W uzasadnieniu rozstrzygnięcia napisano, że organ nadzoru kwestionuje dopuszczalność zapisów uchwały, "jako naruszających w jego ocenie obowiązujący porządek prawny w stopniu istotnym". Wskazano na brak podstaw prawnych, które uzasadniałyby wydanie przepisów porządkowych w zakresie wynikającym z uchwały. Zwrócono też uwagę na to, że "materia objęta przepisami porządkowymi została wcześniej całościowo uregulowana w aktach ogólnopaństwowych (...)".

Przypomniano także, iż analogiczną uchwałę podjęła Rada Miasta Krakowa w dniu 18 listopada 2020 r. W grudniu tego samego roku wojewoda małopolski wydał rozstrzygnięcie nadzorcze stwierdzając nieważność uchwały w całości, "zaś wyrokiem z dnia 7 lipca 2021 r. Wojewódzki Sąd Administracyjny w Krakowie oddalił skargę Miasta Krakowa na to rozstrzygniecie".

"Z tego względu regulowanie zakazów zachowania pozostawiono władzom państwowym, tak aby zachować jednolitość zasad na całym obszarze państwa, co też zostało zrealizowane w ramach przepisów ogólnokrajowych, w szczególności Kodeksu wykroczeń" - napisano.

Zwrócono też uwagę na to, że "przepisy porządkowe nie mogą co do zasady stwarzać trwałego, niezmiennego elementu gminnego porządku prawnego, wprowadzając stałe zakazy określonego zachowania się".

"Przysługujące radzie gminy kompetencje w zakresie stanowienia przepisów porządkowych nie mogą być wykorzystywane do bieżącego zarządzania na danym obszarze, ale wyłącznie w celu przeciwdziałania realnym zagrożeniom dla wartości określonych w powołanym przepisie" - czytamy w uzasadnieniu.
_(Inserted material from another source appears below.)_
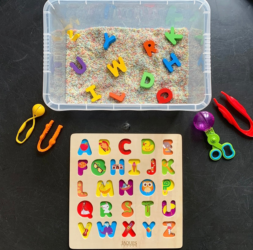 - Hide small objects within the dry materials for your toddler to discover as they explore different textures and have fun.

Wskazano ponadto, że Rada Warszawy nie wywiązała się ze swojego obowiązku i nie wykazała w treści aktu oraz w jego uzasadnieniu, że wystąpiły ustawowe przesłanki upoważaniające ją do wydania przepisów porządkowych. "Przyjąć zatem należy, że zasadnym jest stwierdzenie nieważności uchwały w całości" - napisano.

Miasto może teraz złożyć skargę na rozstrzygnięcie do Wojewódzkiego Sądu Administracyjnego. Ma na to 30 dni od daty doręczenia rozstrzygnięcia nadzorczego. Z kolei rozstrzygnięcie wstrzymuje wykonanie uchwały z mocy prawa w całości, z dniem jego doręczenia.

Wcześniej przeciwnicy uchwały powoływali się m.in. na konstytucyjnie zagwarantowane prawo do wyrażania własnych poglądów. O tym, że uchwała rady miasta jest sprzeczna z prawem oraz narusza wolności takie jak swoboda przemieszczania się oraz wyrażania poglądów, przekonywała w uzasadnieniu wniosku Prokuratury Okręgowej jej rzeczniczka Aleksandra Skrzyniarz. "Uchwała jawnie ogranicza wyrażone w art. 54 konstytucji prawo do wyrażania własnych poglądów. Nie ma zgody na autorytarne zapędy i kneblowanie ust tym, którzy chcą chronić życie bezbronnych" - argumentował z kolei wiceminister sprawiedliwości Marcin Romanowski.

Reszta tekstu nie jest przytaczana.